In the day leading up to the long, long-awaited debut of "The Tree of Life," attention on the Croisette seemingly turned more to the deals being made in the Cannes marketplace – most of them for films that are nothing like the movies playing in the festival, and many for projects that don't even exist yet except as pitches.
The healthy market that began last fall at Toronto and continued earlier this year at Sundance is even more in evidence at Cannes, with more than 4,000 films looking for sales in markets all around the world. And in the first five days of the Marche du Film marketplace, many of the movies are finding those buyers, buoying the spirits of Cannes-goers and capturing the attention of the assembled media.
"The buyers are back," says Melena Ryzik. She curiously traces this to the success of "Black Swan" and "The King's Speech," linking them to Cannes acquisitions like "The Artist" and "The Iron Lady." The latter film, with Meryl Streep as Margaret Thatcher, probably does warrant the "King's Speech" comparison (and now it has the same distributor, Weinstein), but it's such a high-profile project, and such sure-fire awards bait, that it would have been a prime acquisition target even if it never set foot in the South of France.
The Hollywood Reporter, meanwhile, enlists five reporters (under Jay A. Fernandez's byline) to survey the market and come to a similar conclusion, albeit one based on territory sales and remake rights rather than last year's Oscar movies.
“Business is incredibly strong — not just on one or two titles, but across the board," IM Global CEO Stuart Ford told THR.Added A Company CEO Alexander van Dulmen, “There’s a lot of money being thrown around.”
The most interesting part is van Dulmen's comment that the marketplace has also been cutthroat this year, with sellers "bad-mouthing each other's projects" and suggesting that they'll never get made. (Much of the time, of course, they're right.)
Back to the artier fare actually screening at Cannes, not everybody was as enthusiastic about the black-and-white silent comedy "The Artist" as Sasha Stone was. Eric Kohn, for instance, liked the film's concept more than its execution. "If the script had spoken dialogue in place of its anachronistic cue cards, it would be a relentless bore," he says. "The gimmick saves it, but just barely."
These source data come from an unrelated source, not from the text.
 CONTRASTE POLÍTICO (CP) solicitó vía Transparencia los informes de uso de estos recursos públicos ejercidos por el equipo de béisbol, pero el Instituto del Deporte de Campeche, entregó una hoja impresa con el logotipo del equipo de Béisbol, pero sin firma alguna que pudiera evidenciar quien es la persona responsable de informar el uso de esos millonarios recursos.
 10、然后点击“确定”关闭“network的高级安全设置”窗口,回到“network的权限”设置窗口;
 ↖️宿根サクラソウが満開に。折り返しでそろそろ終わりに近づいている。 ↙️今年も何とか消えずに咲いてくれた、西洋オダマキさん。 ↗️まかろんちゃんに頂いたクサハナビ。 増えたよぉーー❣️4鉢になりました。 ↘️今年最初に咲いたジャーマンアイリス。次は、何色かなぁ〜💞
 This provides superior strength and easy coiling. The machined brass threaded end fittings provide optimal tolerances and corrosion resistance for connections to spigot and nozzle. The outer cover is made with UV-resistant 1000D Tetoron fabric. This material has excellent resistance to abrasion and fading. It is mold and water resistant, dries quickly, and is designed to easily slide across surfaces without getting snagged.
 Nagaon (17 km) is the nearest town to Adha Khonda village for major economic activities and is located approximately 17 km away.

Jeff Wells was significantly kinder, calling the film "a winning 'success,' and at the same time a half-and-halfer – a film that delivers beautifully but also leaves you wanting in certain ways." And Variety's Peter Debruge said director Michel Hazanavicius delivered "a heartfelt, old-school romance without the aid of spoken dialogue or sound," but warned, "pic will take careful handling to shatter the arthouse ceiling, as today's auds demonstrate little nostalgia for cinema's roots."
Steven Zeitchik thinks that "The Artist" is a dark-horse candidate in the race for the Palme d'Or – a race, he says, that is beginning to come into focus. With only eight of the 20 titles in competition having screened, and such notable auteurs as Terrence Malick, Pedro Almodovar and Lars von Trier still to come, this proclamation may be a touch premature – but if one is to go by what has screened so far, he says the two frontrunners are Joseph Cedar's "Footnote" and Lynne Ramsay's "We Need to Talk About Kevin."
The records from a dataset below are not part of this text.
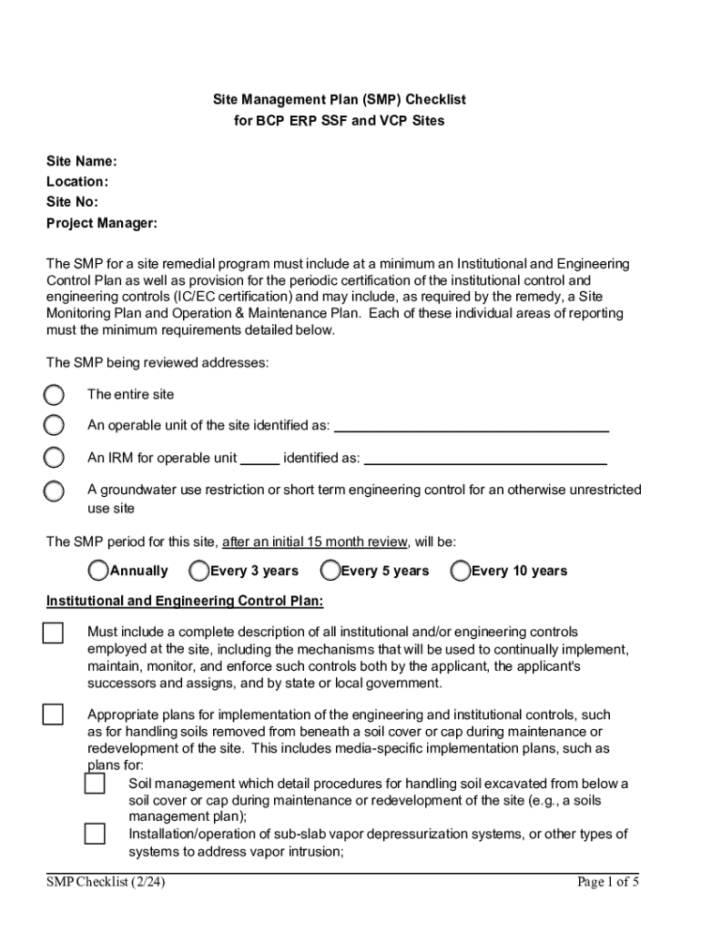 Site Management Plan (SMP) Checklist for BCP ERP SSF and VCP Sites Site Name: Location: Site No: Project Manager: The SMP for a site remedial program must include at a minimum an Institutional and
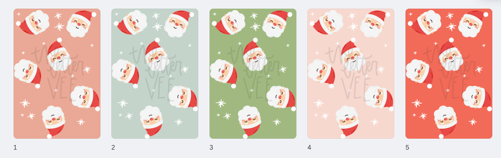 This set of repeating backgrounds features a playful Santa head pattern in five cozy Christmas colorways — perfect for everything from printable tags and treat toppers to party décor, digital scrapbooking, and small business packaging.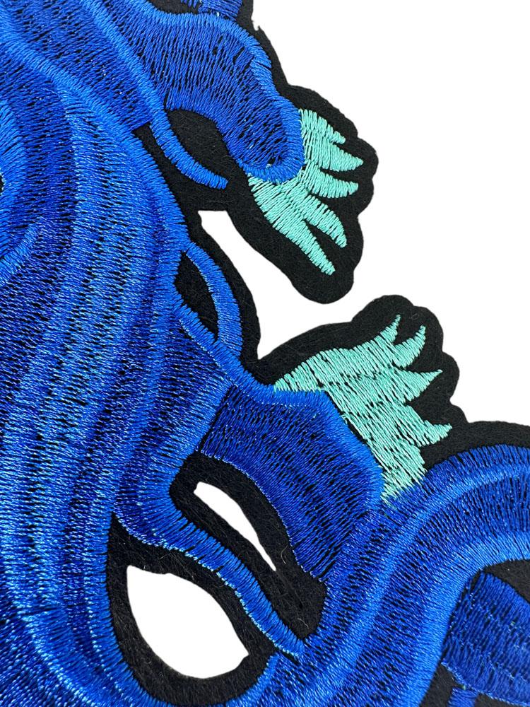 Entrez dans la légende avec l'écusson du dragon du ciel de saphir, un superbe motif brodé représentant un dragon fluide qui fend les nuages dans des tons bleus profonds et des sarcelles glacés. Avec son corps allongé enroulé en vol, ce dragon de style oriental représente les éléments célestes du vent, de l'eau et de la sagesse, réunis en un puissant symbole de grâce et d'énergie.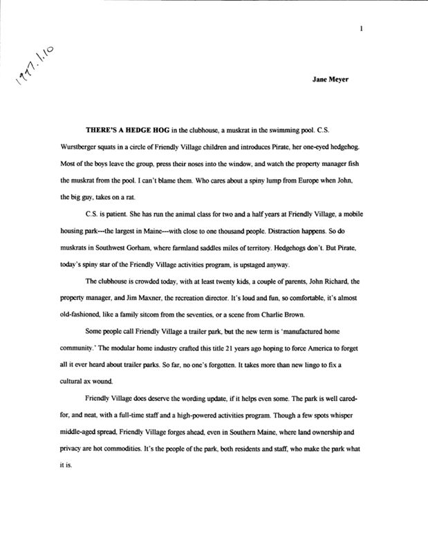 The image that most Americans think of when they hear the term trailer park is not a very appealing one. Jane Stevenson looks at Friendly Village in Gorham as more than just a trailer park, but as a small home community.

Then again, as Zeitchik knows, last year at this point in the festival the frontrunners were considered to be "Another Year" and "Certified Copy" and maybe "Biutiful," and few people thought "Uncle Boonmee Who Can Recall His Past Lives" was a likely winner.
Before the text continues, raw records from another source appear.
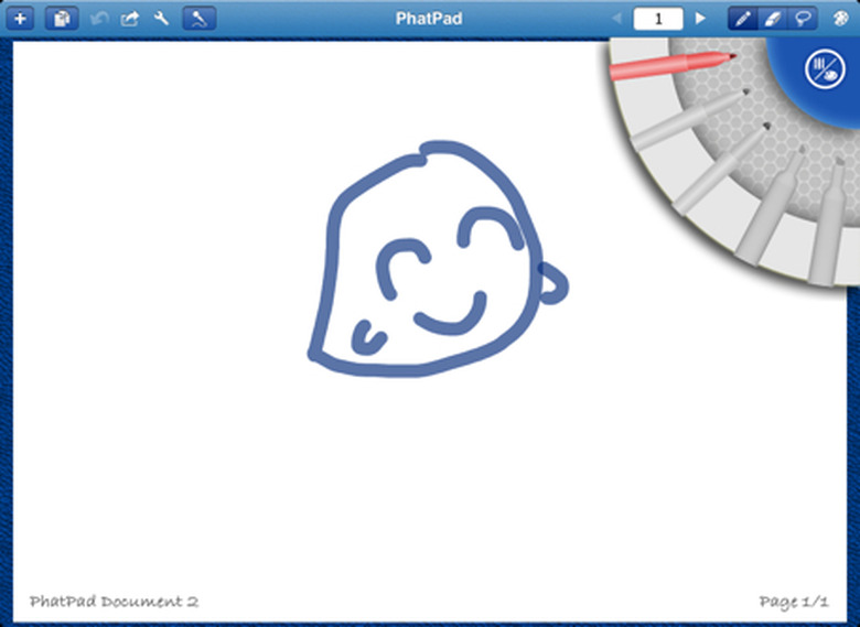 The pencil is your main writing tool in PhatPad, and you can change its color and thickness. There are five thicknesses ranging from fine point to marker size and five colors including red, green, blue, yellow and traditional black. There's also an eraser and a lasso tool to select blocks of writing. When you select an area, you can chose to copy, cut or delete the item. You can also convert the handwriting to plain text or change the ink options.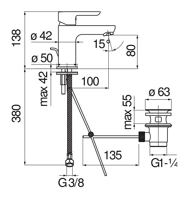 Смеситель для раковины NOBILI ABC AB87118/1CR предназначен для использования в ванных помещениях для подачи горячей и холодной воды. Встроенный аэратор насыщает водный поток воздухом и создает струю без брызг, а также способствует сокращению потребления воды. Модель оснащена системой против известковых отложений для легкого ухода. В комплект поставки входит подводка. Особенности:
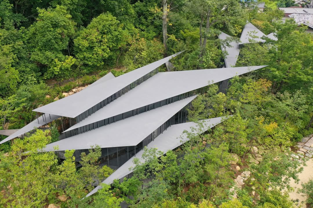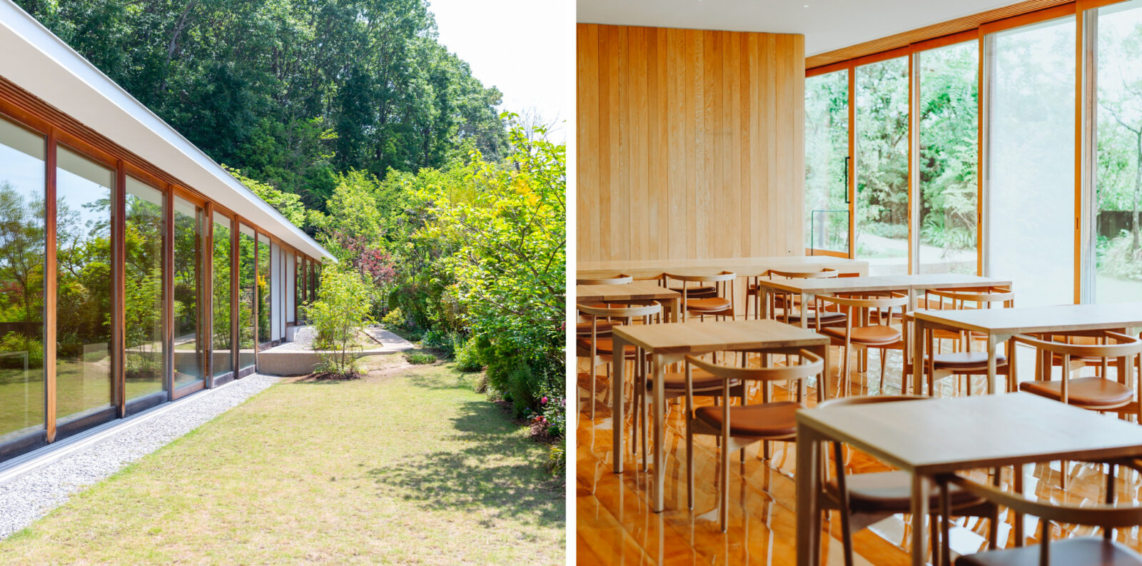 周辺の木々との並びを意識し、幹の太さに寄せた358本の柱。限りなく透明な全面ガラスの壁や、半田山の稜線に沿うよう不等辺三角形を連結させた独特のフォルム。建物の外観をどこまでも希薄にすることで“森に溶け込む建築”とし、一体が自然空間となっています。

One of the films debuting on Sunday would be a particularly notable Palme d'Or winner: the austere Belgian filmmakers the Dardenne brothers have won the prize for "Rosetta" and "The Child," joining Francis Ford Coppola and Emir Kusturica; a win for their new film, "The Kid With a Bike" (right), would make them the festival's only three-time winners.
AFP.com lauded the film for showing the directors'"stunning capacity for unsentimental storytelling," and David Rooney added, "there isn’t a single unearned emotion in this tremendously moving drama." But Boyd van Hoeij said the film was "something that, on the surface, looks startlingly new, slowly reveals itself to be something surprisingly familiar and not all that effective," and Jeff Wells complained that the film is being overrated by critics blinded by the directors' reputations.
Then again, it's not the critical reaction that'll matter when the Cannes awards are handed out next Sunday. The real question: what films are best-liked by Robert De Niro, and Uma Thurman, and Jude Law, and Olivier Assayas, and the other jurors?